| Exercise goal |
In the material below, write out each line word for word and omit the pictures.

(Beginning of Given data)

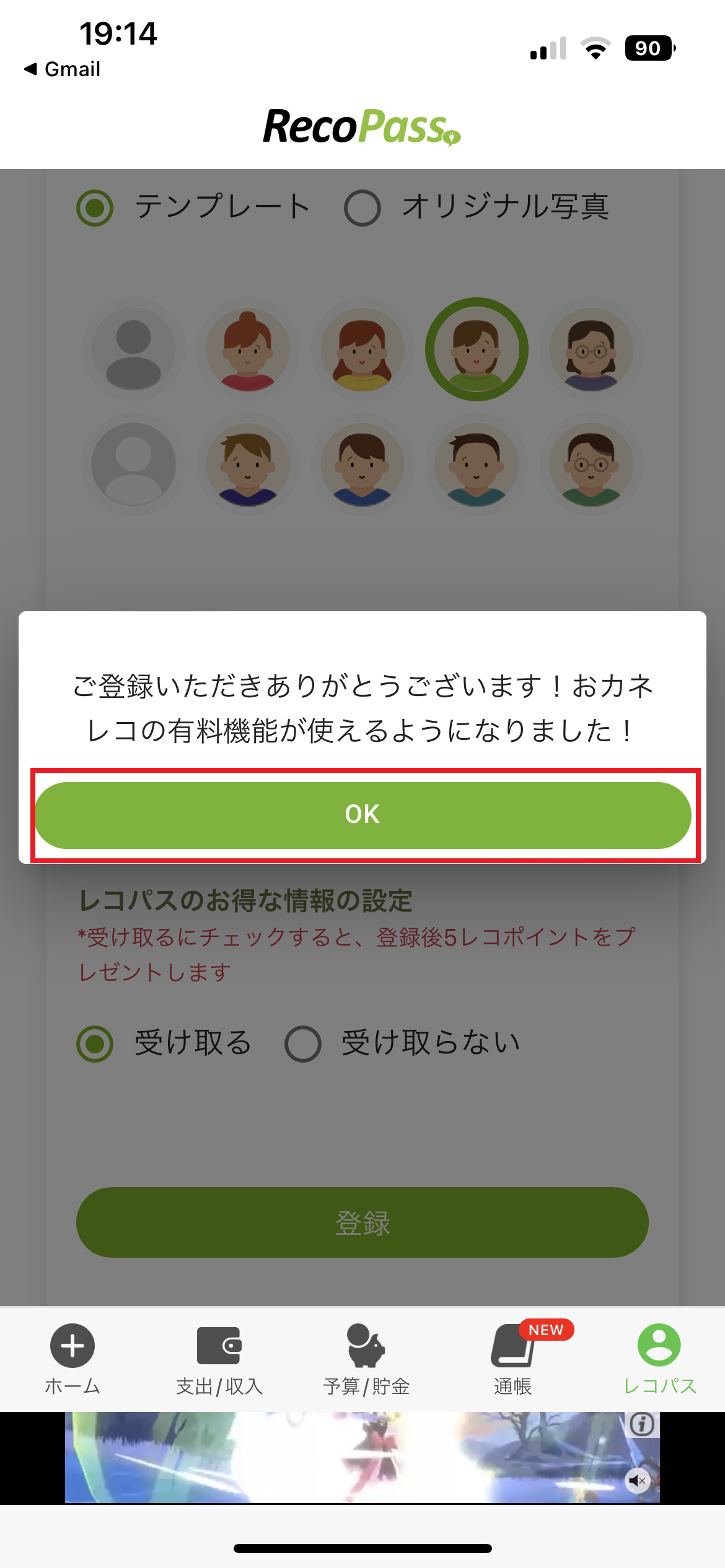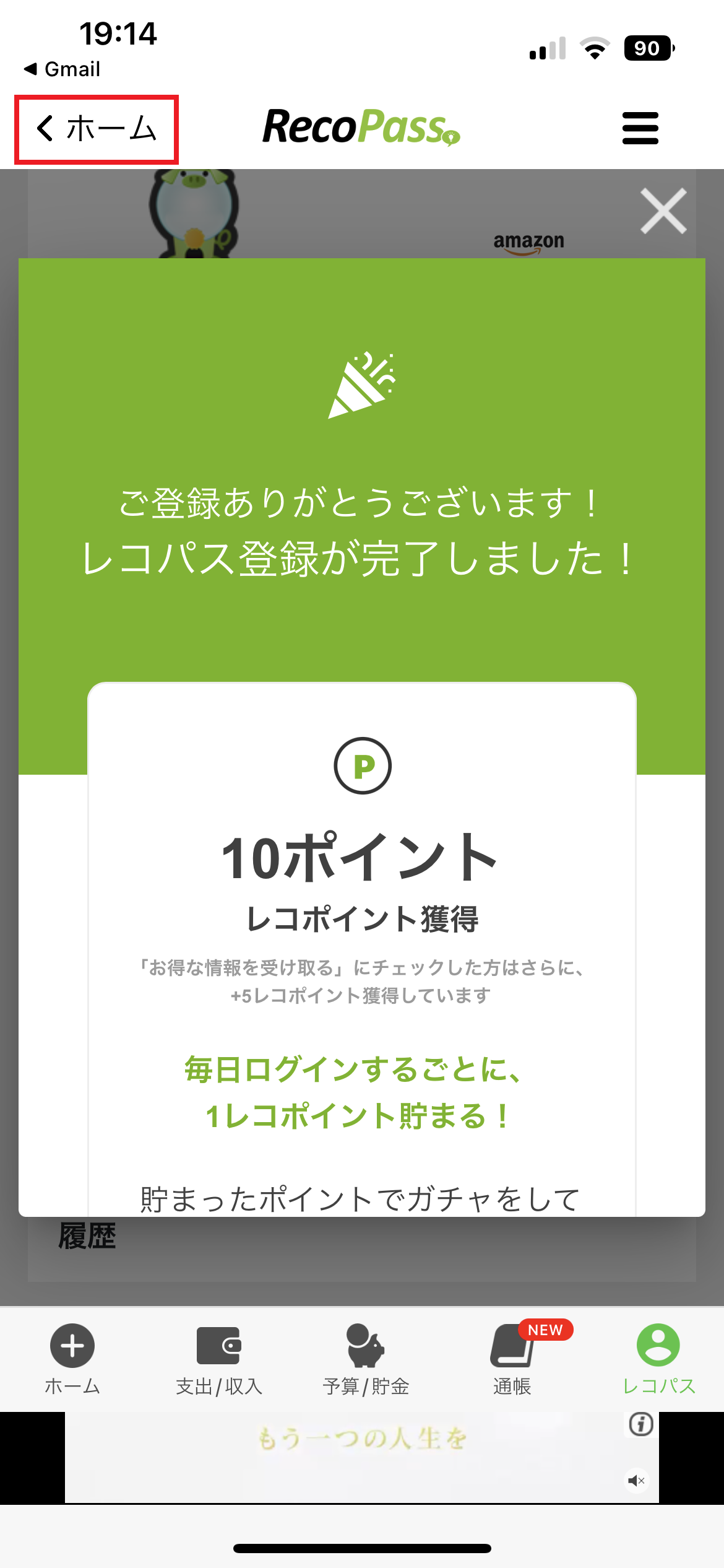 10.レコパス登録完了のメッセージが表示されましたら、画面左上の「<ホーム」を押し、おカネレコアプリ画面に戻ります。
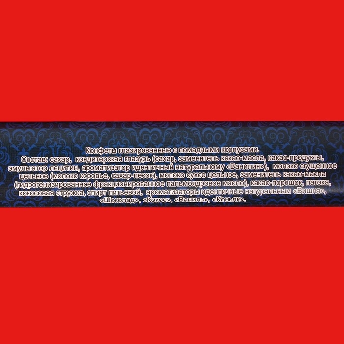 Состав: сахар, кондитерская глазурь (сахар, заменитель какао-масла, какао-продукты, эмульгатор лецитин, ароматизатор идентичный натуральному «Ванилин»), молоко сгущённое цельное (молоко коровье, сахар-песок), молоко сухое цельное, заменитель какао-масла (гидрогенизированное фракционированное пальмоядровое масло), какао-порошок, патока, кокосовая стружка, спирт питьевой, ароматизаторы идентичные натуральным «вишня», «шоколад», «кокос», «ваниль», «коньяк».
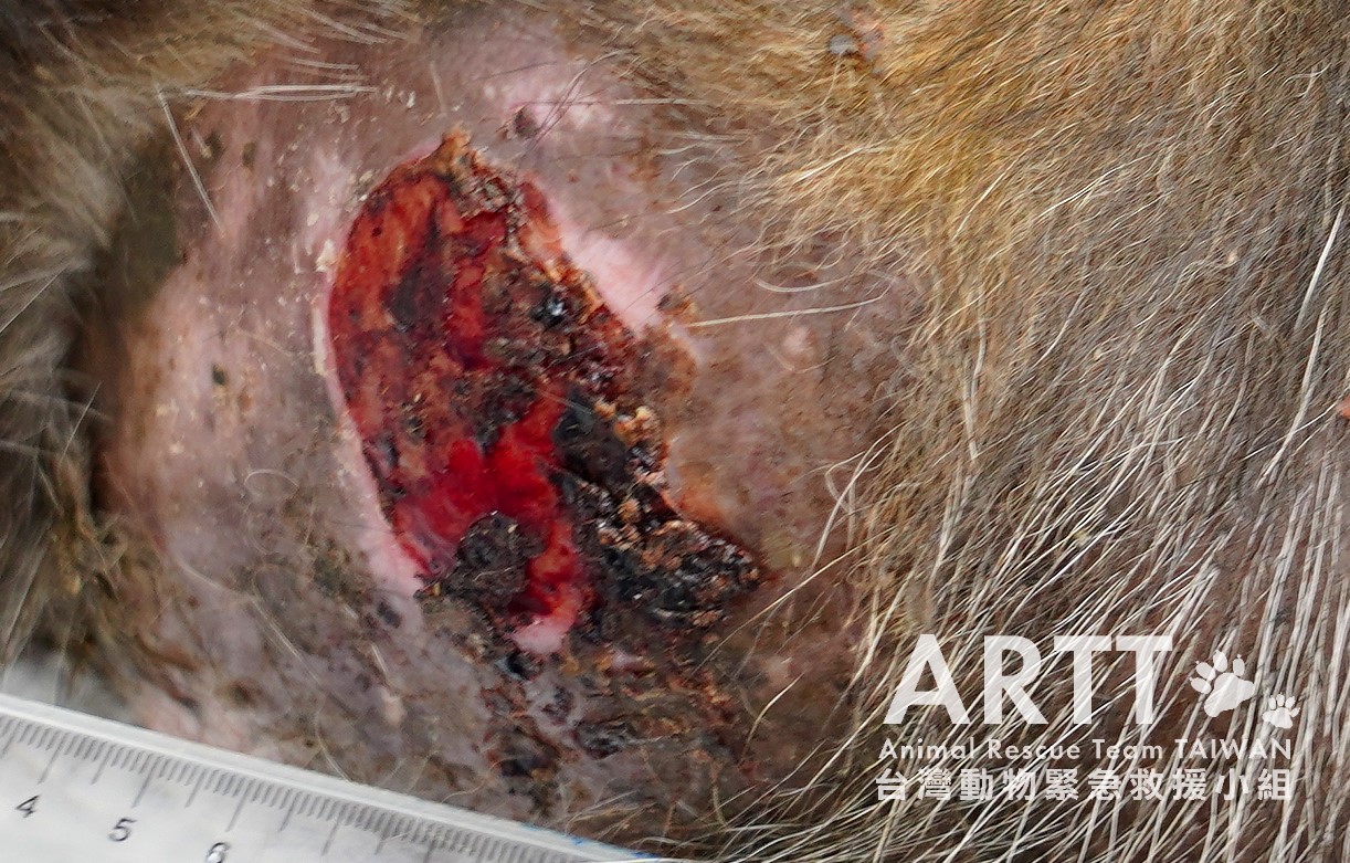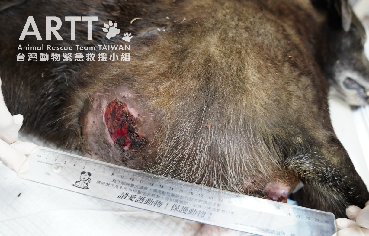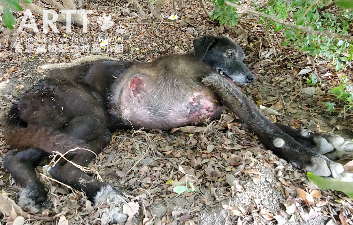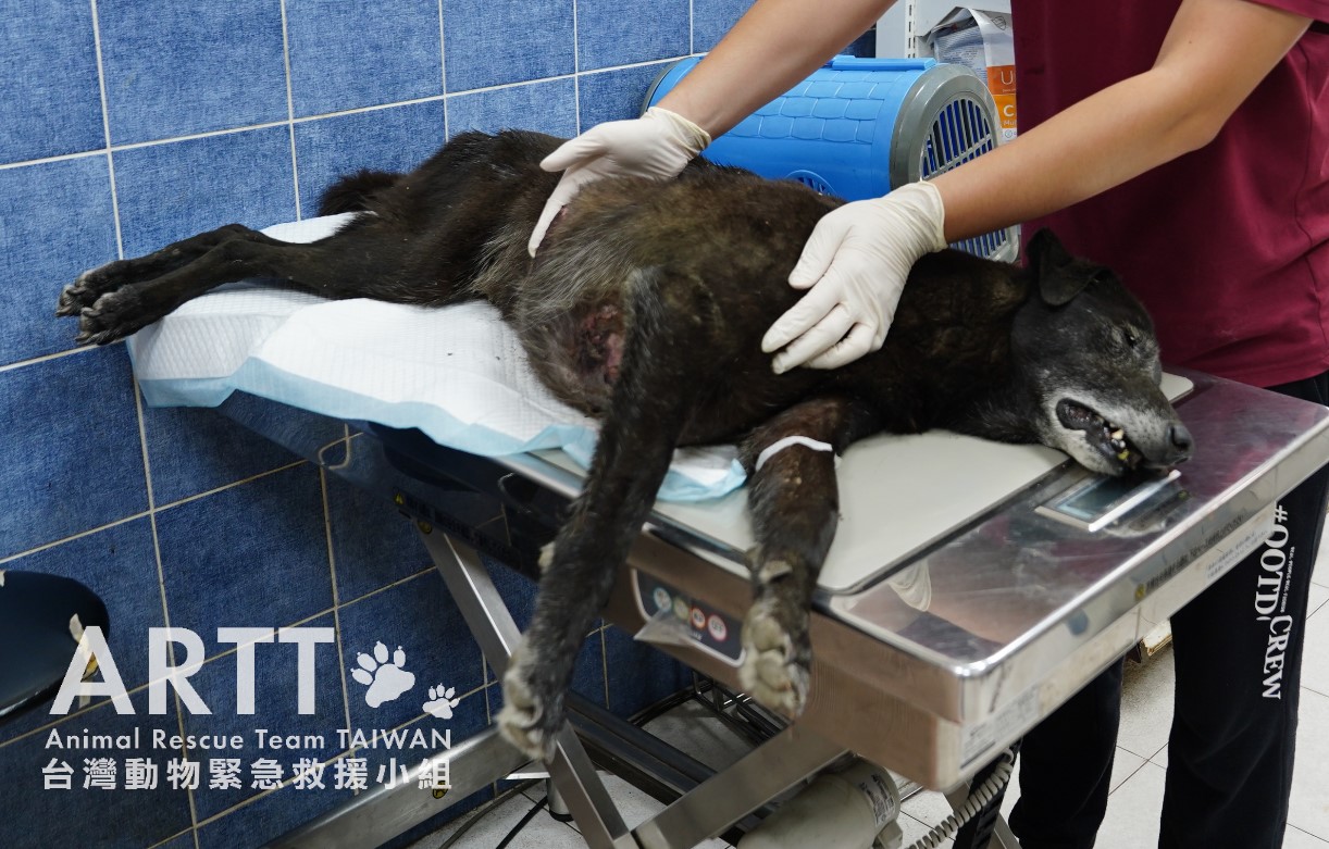 經台灣動物緊急救援小組醫療團隊診斷後,該犬年紀很大,研判有10歲以上,初部診斷應為胸部乳房惡性腫瘤合併淋巴轉移,外表已潰爛出血;腫瘤已長大到直徑超過30公分,是救援人員20多年來首見。

(End of Given data)

| Solution to the problem |
 10.レコパス登録完了のメッセージが表示されましたら、画面左上の「<ホーム」を押し、おカネレコアプリ画面に戻ります。
 Состав: сахар, кондитерская глазурь (сахар, заменитель какао-масла, какао-продукты, эмульгатор лецитин, ароматизатор идентичный натуральному «Ванилин»), молоко сгущённое цельное (молоко коровье, сахар-песок), молоко сухое цельное, заменитель какао-масла (гидрогенизированное фракционированное пальмоядровое масло), какао-порошок, патока, кокосовая стружка, спирт питьевой, ароматизаторы идентичные натуральным «вишня», «шоколад», «кокос», «ваниль», «коньяк».
 經台灣動物緊急救援小組醫療團隊診斷後,該犬年紀很大,研判有10歲以上,初部診斷應為胸部乳房惡性腫瘤合併淋巴轉移,外表已潰爛出血;腫瘤已長大到直徑超過30公分,是救援人員20多年來首見。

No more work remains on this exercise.